One would expect Mantar to be brimming with confidence following the wild success (in underground metal, at least) of 2018’s The Modern Art of Setting Ablaze.
But making Pain Is Forever and This Is the End was as tortured an experience as the album title suggests. Klänhardt — who recorded, engineered and wrote the album — candidly admits that the entire process was downright nightmarish. Songs like “Hang ‘Em Low (So the Rats Can Get ‘Em),” “Grim Reaping,” “Piss Ritual,” “Of Frost and Decay,” and “Walking Corpse” mirror the sentiments behind the LP.
“The last one-and-a-half years were so shitty for Erinç and I (that) recording this album was no fun,” he says. “It completely blew and sucked through and through… Several times, I had to call up Erinç or write him, claiming, ‘… I don’t like the songs, and I don’t think it’s any good.’ Erinç had to reassure me: ‘Hey, no, trust your instincts.

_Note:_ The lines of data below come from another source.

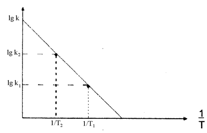 lg k и 1/Т (рис. 44). Для ее построения необходимо опытным путем определить несколько значений k при разных температурах Т. Тангенс угла наклона прямой равен
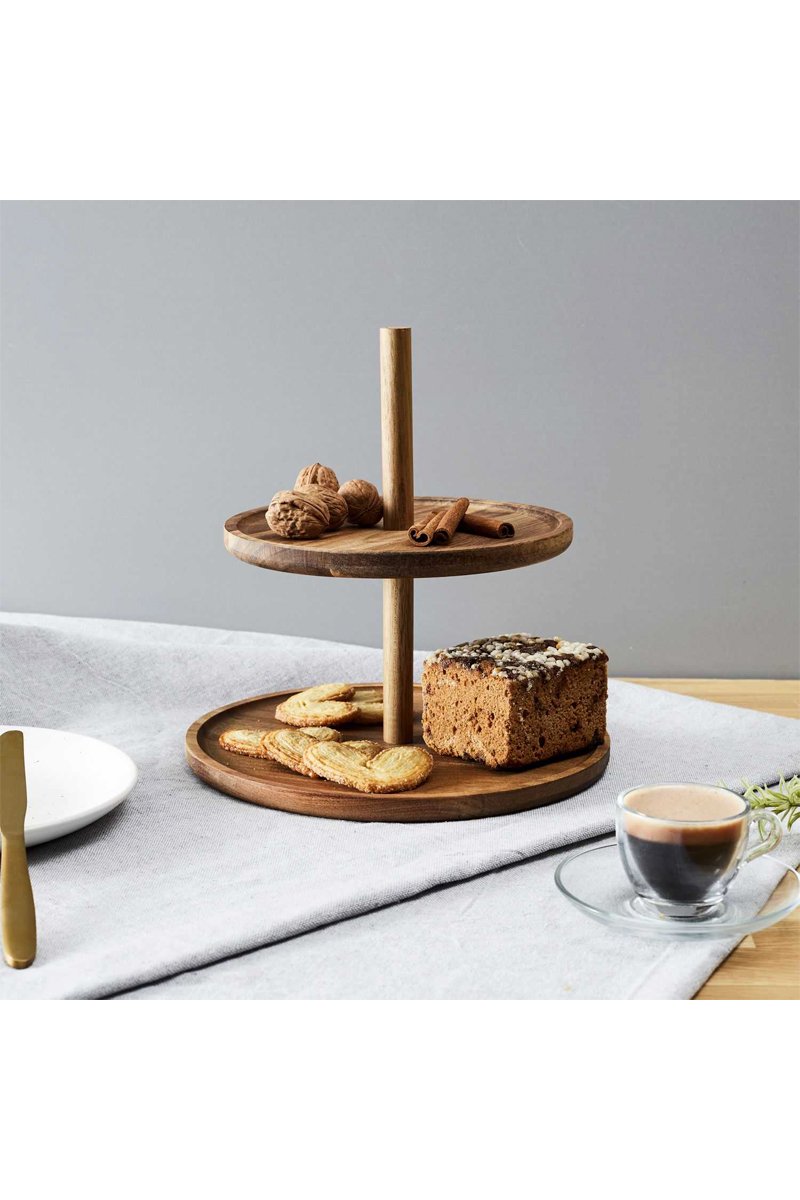 Présentoir 2 étages en bois d'acacia - Naturel - 25 cm
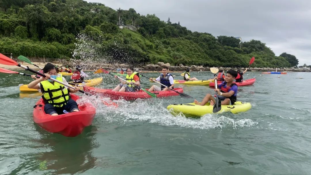 ②【自由练习】在教练专业讲解后,成员到指定水域练习皮划艇的基本技巧,团队成员间在练习的过程中相互帮助、取长补度、共同进步,掌握基本的皮划艇技巧的同时,还可以增进成员间的感情,使彼此更加了解。
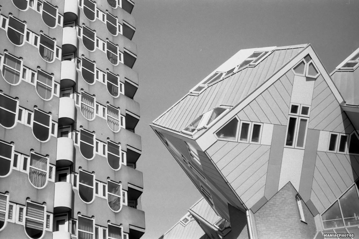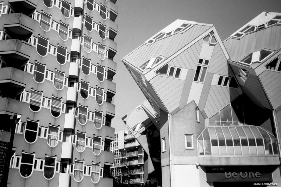 Die Fotos zeigen die Cubus-Häuser in Rotterdam mit und ohne Autozoom. Hier hat das System im unteren Bild selbst gewählt.
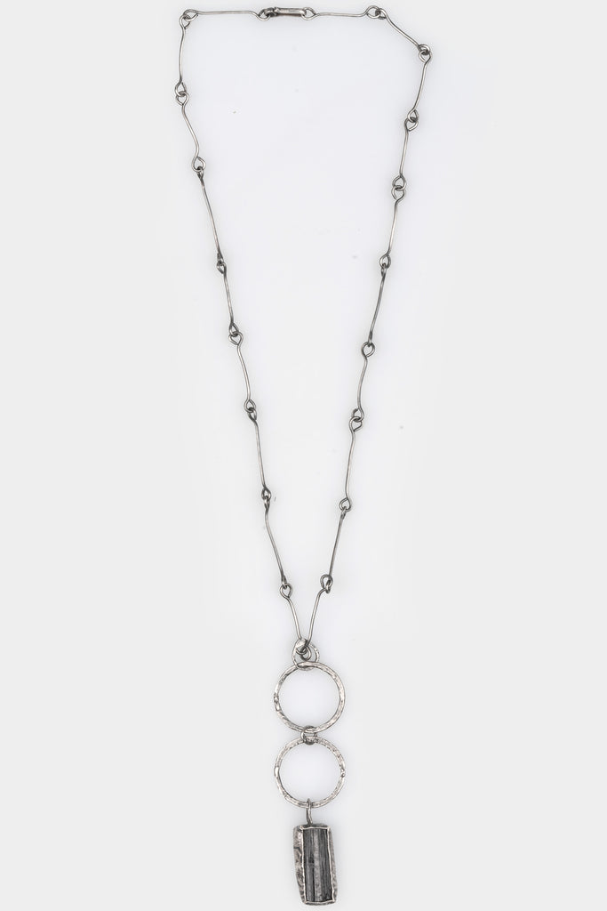 Silver link Necklace with black Tourmaline pendant. Handmade 1/1
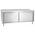Bartscher Arbeitsschrank, B 2000 x T 700 x H 850 mm, mit Schiebetüren und Zwischenboden, mit Aufkantung
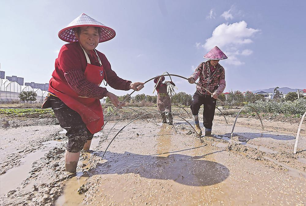 在位于泉州市泉港区界山镇鸠林村的育秧基地,稻农正有条不紊地给育秧田架设覆膜支架。(
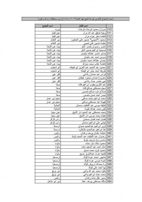 أسماء الحجاج الفائزين بقرعة الحج لهذا العام2023 / 1444) ) من محافظة رام الله والبيرة
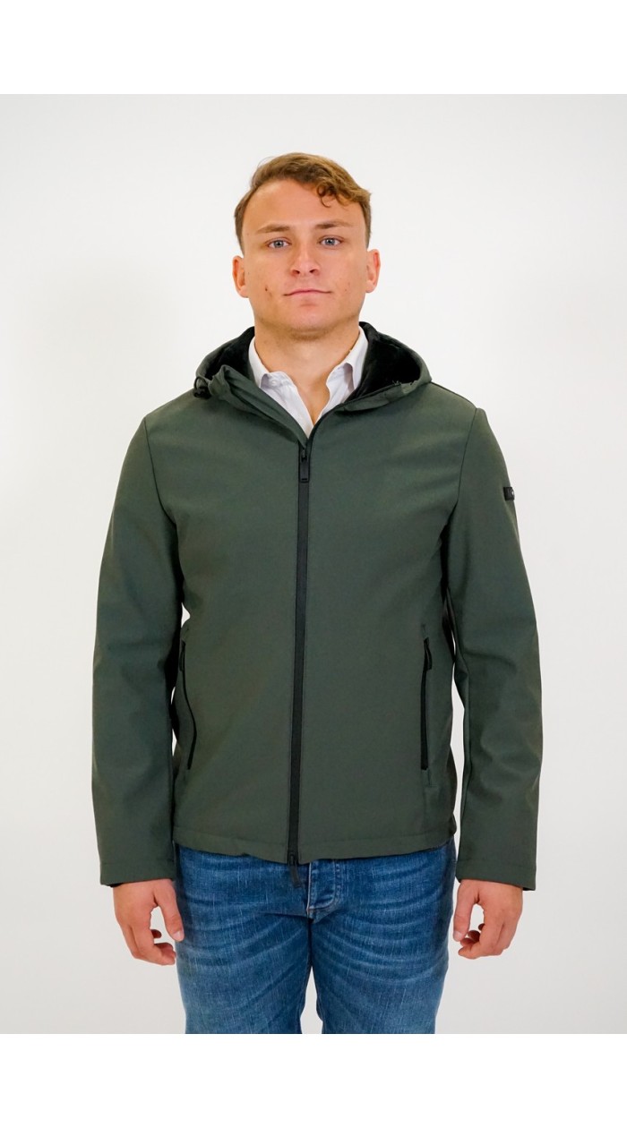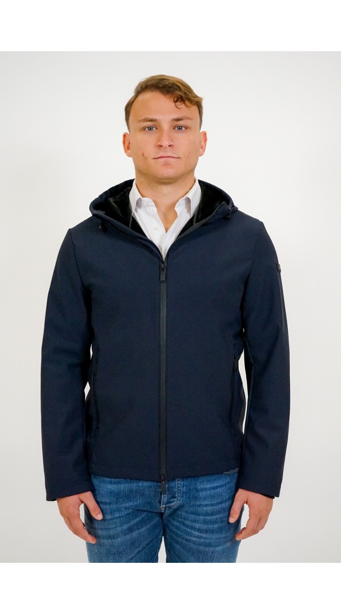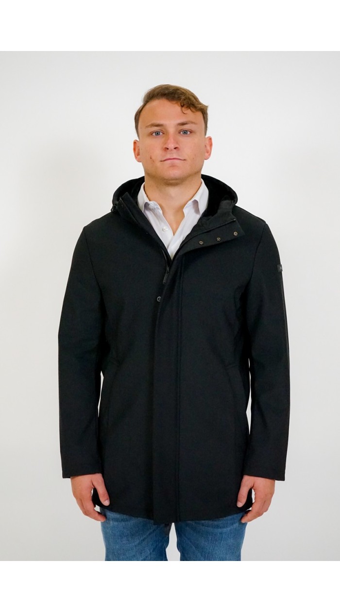 More men's short hooded jacket, solid color, zip closure, welt pockets, slim fit. The model is wearing size L.

It’s good’ because I lost hope several times.”
Sakarya concedes that Mantar crafted Pain Is Forever and This Is the End during a difficult time. As for the quality of the material, though, he disagrees with his bandmate.
“Because I was not the person who wrote most of the stuff, I have a more objective view of it,” the drummer avers. “I was a little stressed about not having enough time to do it properly. But I was always sure that the songs… were the best we ever did.”
The admittedly obsessive Klänhardt chimes in, “I’m really glad that Erinç had confidence that the songs were good, because I (didn’t). The way I feel about writing music is, you’re building a house. But (if) you build it from the inside… you’re going to walk into walls. When you build a house from the outside, (you can) step away for a day or two, come back, and check it out from a different angle.”
Klänhardt says it’s no coincidence that the first lyric on the album is, “I live in a house that is made out of bones. On every wall hangs a cross.”
He further explains that the making of the record led him to states of depression and anxiety. Making matters worse, he spent time in the hospital recovering from a torn meniscus and ACL. The injuries occurred in Germany, where he had traveled to make the new record with Sakarya.
“It felt for the first time ever that the universe was (pitted) against us,” Klänhardt reveals.
On the other hand, Sakarya maintains that Mantar’s trials and tribulations led to an album that is more melodic and pop-structured than their previous studio albums, which also include 2014’s Death by Burning and 2016’s Ode to the Flame. Whether Sakarya’s or Klänhardt’s assessment of the new album is more accurate will be in the ear of the beholder. What matters most, though, is that Mantar endure.